В истории Франции период наибольшего расцвета либерального государства – это эпоха Июльской монархии. Политическая модель, созданная Г изо и основанная на идеале общественного самоуправления, предполагает записанное в Конституции запрещение незаконного вмешательства государства в жизнь общества. Отделение государства от гражданского общества совпадает с отделением публичного пространства от пространства частного. По мнению Гизо, народные избранники, принадлежа к миру «нотаблей», по этой причине ничем не обязаны ни своему электорату, ни какой бы то ни было политической партии. Эта независимость позволяет им при исполнении представительских обязанностей исходить исключительно из интересов нации. Поскольку предполагается, что парламент объединяет частицы разума, рассеянные среди всех людей, составляющих нацию, либеральный режим отводит большое место публичным дебатам и коллективной дискуссии; он исходит из убежденности в том, что в споре может родиться истина. В конце XIX века, однако, эта политическая логика терпит крах; отныне демократическому государству отводится новая роль – роль защитника социальных прав. Рождение партий и других организаций, берущихся отстаивать требования отдельных категорий населения, приводит к все возрастающему взаимопроникновению между государством и гражданским обществом. В эту эпоху рождается новый тип «представителей», который Карл Шмитт определяет с помощью старинного немецкого термина
Vertreter, подчеркивая тем самым, что в данном случае речь идет не о представителях народа, а о выразителях «частных» интересов. Именно в этот момент возникают первые социопрофессиональные группы. Однако в то же самое время существенное усовершенствование социального законодательства приводит к быстрому росту категорий людей, «наделенных правами». Чтобы оценить значение этого обстоятельства, следует иметь в виду, что процесс «категоризации» всегда протекает одновременно в двух планах. С одной стороны, имеет место
таксономическая операция, нацеленная на создание «класса» (или «категории») и объединяющая в одно целое элементы, обладающие одинаковыми свойствами. С другой стороны, речь идет об операции
идентификационной (или индивидуализирующей), нацеленной на выделение каждого элемента, принадлежащего к данному классу
[254]. Исходя из этого, нетрудно понять, в чем состоит фундаментальное различие между «группами» и «категориями». В первом случае мобилизация деятелей приводит к «представительству» той или иной социальной общности на политической сцене.
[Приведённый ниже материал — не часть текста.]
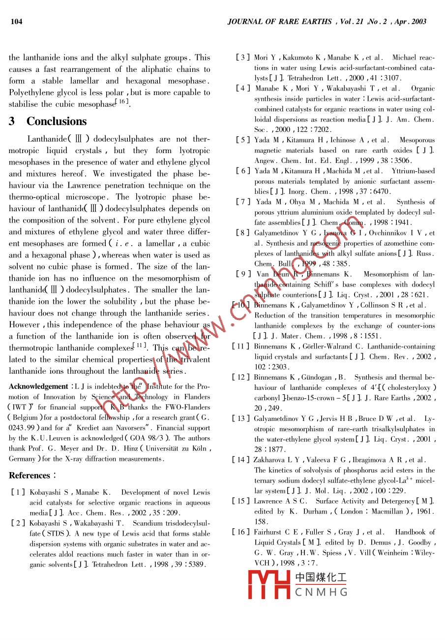 JOURNAL OF RARE EARTHSVol.2I ,No.2 , Apr.2003 ,p. 101Solid State Structure and Lyotropic Mesomorphism of Rare- Earth Trisdode-cylsulphates in the Water-Ethylene Glycol SystemLiesbet Jongen , Koen Binnemans( Katholiehe Universiteit Lewen , Department of Chemistry , Celestijnenlaan 200F , B-3001 Lewen , Belgium )Abstract :The phase behaviour of lanthanide( I ) dodecylsulphates , Ln( C12H2sSO4 ),by thermo-optical microscopy usingLawrence penetration technique was investigated . The lyotropic phase behaviour of lanthanidd II ) dodecylsulphates in ethy-lene glycol water in mixtures hereof , depends on the composition of the solvent. For pure ethylene glycol and mixtures ofethylene glycol and water three different mesophases are formed ri.e. a lamellar a cubic and a hexagonal phase , whereaswhen water is used as solvent no cubic phase is formed . The size of the lanthanide ion has no influence on the mesomorphismof these metallomesogens , although the smaller the lanthanide ion the lower the solubility .Key words :inorgamic chemistry ; lanthanides ; liquid crystals ; lyotropic mesophases ; metallomesogens ; surfactants ; rare earthsCLC number :0641Document code :AArticle ID : 1002 - 0721( 2003 )02 - 0101 -04Rare earth( II ) alkylsulphates are well known forLinkam THMS 600 hot stage and a Linkam TMS 93their catalytic activity in several types of organic reac-programmabletemperature-controller.Thermo-tions 1-4. A large advantage of these so-called Lewisgravimetric curves were obtained using a Polymer Labo-acid-surfactant-combined catalysts is their water stabili-ratories STA 1000-H TG-DTA apparatus. X-ray diffrac-ty. Therefore no harmful organic solvents have to btograms were measured on a STOE Transmission Powderused to carry out these organic reactions. Stable disper-Diffractometer System STADI P , using monochromaticsion systems including the catalyst and organic sub-Cu-Ka( λ = 0.154 nm ) radiation. FT-IR spectra werestrates are formed in water. Lyotropic mesophases inrecorded on a Bruker IFS-66 spectrometer , using thelanthanide II ) alkylsulphates were used for the synthe-KBR pellet method. Reagents and solvents were usedsis of nanostructural polymers , although these scientistsas received without further purification.did not use pure lanthanide( II ) alkysulphates5 5-7].Lanthanide( II ) alkylsulphates have been used in the2Results and Discussionlast few years as counter ions in for example liquidThe lanthanide( ll ) dodecylsulphates were synthe-crystalline lanthanide Schiff's base complexes 8~11] ,orsized via a metathesis reaction between sodium dodecyl-in crown-ether complexe5 12].Moreover,our group .sulphate and a lanthanide nitrate 9. To an aqueous so-found that lanthanide( Il ) dodecylsulphates show lylution of sodium dodecylsulphate the desired lanthanideotropic mesomorphism in the presence of water andion dissolved in water was added dropwise. The lan-ethylene glycof 131 ,and this work has been extended bythanide( II ) alkylsulphate precipitated immediately .Galyametdinov and coworkers 14]. However , no infor-The product was filtered off , washed with deionised wa-mation is available on the structure and thermal beter and dried in vacuum for 24 h. The purity of thehaviour of these complexes. In this paper ,we describethe solid state structure and the lyotropic mesomorphismcompounds was checked by elemental analysis. All theof the lanthanide( II ) dodecylsulphates , Ln( C12 H2scompounds of the series Ld( C12H2sSO4 ) were found toSO4 )XLn=La~Lu , except Pm ).be monohydrates ,which was confirmed by thermo-gravimetry. The analysis results are given in Table 1.1 ExperimentalA typical TG curve shows a first mass loss from 85 ~ 95CH elemental analyses were performed on a CECthe leaving of waterInstruments EA-1110 elemental analyser. Optical texmol中國煤化工,ss loss occurs betweentures of the mesophase were observed with an Olympus150:YHCN M H G. The DTA eurve( whichBX60 polarised optical microscope equipped with ais si-Received date :2002 - 12 - 04 ;revised date :2002 - 12- 30Biogrphy蹬Binnemans( 1970 - ), Male , PrfessrCorresponding uthor( E-mail : Koen. Binnemans @ chem. kuleuven . ac. be )102JOURNAL OF RARE EARTHS , Vol.2l ,No.2 , Apr.2003Table 1 Analysis results of lanthanide( I )dodecylsulphatesCompoundsC/% *H/%*Ld CzHzsS0.) H2045.83(45.37) 8.20(8. 14)C( C2H2SO4) H2045.68(45.31 )8.14(8.13 )P( C2HzS04) H2O45.84(45.27) 8.06(8.13)Nd C2H2S04) H2O45.72(45.11) 8.26(8. 10)Sm( C12H2S04) H2045.33(44.83) 8.05(8.05 )Ed CHrHsS04) H2045. 16(44.75) 8. 15(8.03 )Gd( CnH2sSO4) H2044.81(44.51 )8.14(7.99)1520 25 30'Th( C2H2S04) H2O44.60(44.43) 8.28(7.98)2 0/(° )Dy( Cr2H2sSO4) H2O44.12(44.27) 7. 98(7.95)Hd C2H2sSO4) H2O43. .93(44.16) 8.06(7.93 )Fig.1 X-ray powder difacogram of Nd C12H2sS04號H2OE( C2H2sS04ξ H2O43 .96(44.06) 8.06(7.91 )Tim( C2H2zS04) H2O43.86(43.98) 8. 10(7.89)YI( C2H2sS04) H2O43.36(43.80) 8.08(7.86)Lud Cr2H2SO4) H2043. 70(43.71) 8. 18(7.85)* The calculated values are given in bracketsmultaneously recorded ) shows for both mass losses an昌|endothermic peak. All the compounds from the seriesL( C2H2sSO4); H2O show a loss of water in the TC-DTA measurements , but the water content determined4000 3500 3000 2500 2000 1500 1000 500with this method was a little bit too high in comparisonv /cm-Ito the water amount obtained by elemental analysis .The hygroscopic character of these compounds can ex-Fig.2 Infrared spectrum of Nd C12H2sS04) H20plain this too high water value.For Nd( C12H2sSO4): H2O and for Yb( C12 H2slanthanide complexes . The assignments of the observedSO4 ) H2O room temperature X-ray diffraction analysisbands for Ne( C12H2sSO4 ) , La( C12H2sS04); H2O andwas performed. These compounds show several reflec-Nd C12H2sSO4》H2O are summarized in Table 2. Thetions in the small-angle region. The d values are in thepeak positions do not change significantly from one lan-ratio 1: 1/2: 1/3:.. 1/n ( Fig.1 ). These diffractionthanide ion to another except for a slight shift to higherpe

Коллективная идентичность вытекает из субъективной идентификации членами группы самих себя с теми рупорами и символами, которые придают этой группе единство и целостность. Что же касается социальных категорий, то они создаются посредством бюрократической процедуры
удостоверения личности, которая вытекает из «объективной» идентификации индивидов, принадлежащих к абстрактным общностям, определенным законом. Люди, относящиеся к этим категориям, обладают одной коллективной идентичностью в той мере, в какой они интериоризируют властные отношения, иначе говоря, относят на свой счет то определение, которое дают им люди, получившие от верховной власти право приводить в действие установленные законы. Можно высказать предположение, что социальная группа обретает официальный и постоянный статус только в том случае, когда она признана государством и получила от него определенные «гарантии». Иначе говоря, социальная группа всегда является плодом двойного процесса политической перегруппировки и юридически-административной категоризации. Из этого, однако, не следует, что справедливо и обратное. Процесс политической мобилизации далеко не всегда приводит к формированию социальных категорий. Чтобы понять логику процесса представительства применительно к категориям, необходимо пойти дальше и прояснить смысл тех «представлений», которые нередко называют «когнитивными». Эти последние могут принимать форму «образов», «сцен» (в театральном значении этого слова), созданных определенными индивидами. Однако не следует отождествлять
конструирование этих образов и их социальное
восприятие[255]. Разграничение это имеет очень большое значение с социологической точки зрения, поскольку оно позволяет учесть отношения между теми, кто творит образы самостоятельно, и теми, кто лишь черпает образы, созданные другими людьми. Таким образом, объектом анализа должны стать также и
различные формы усвоения единых и однородных образов, предлагаемых публике из «центра».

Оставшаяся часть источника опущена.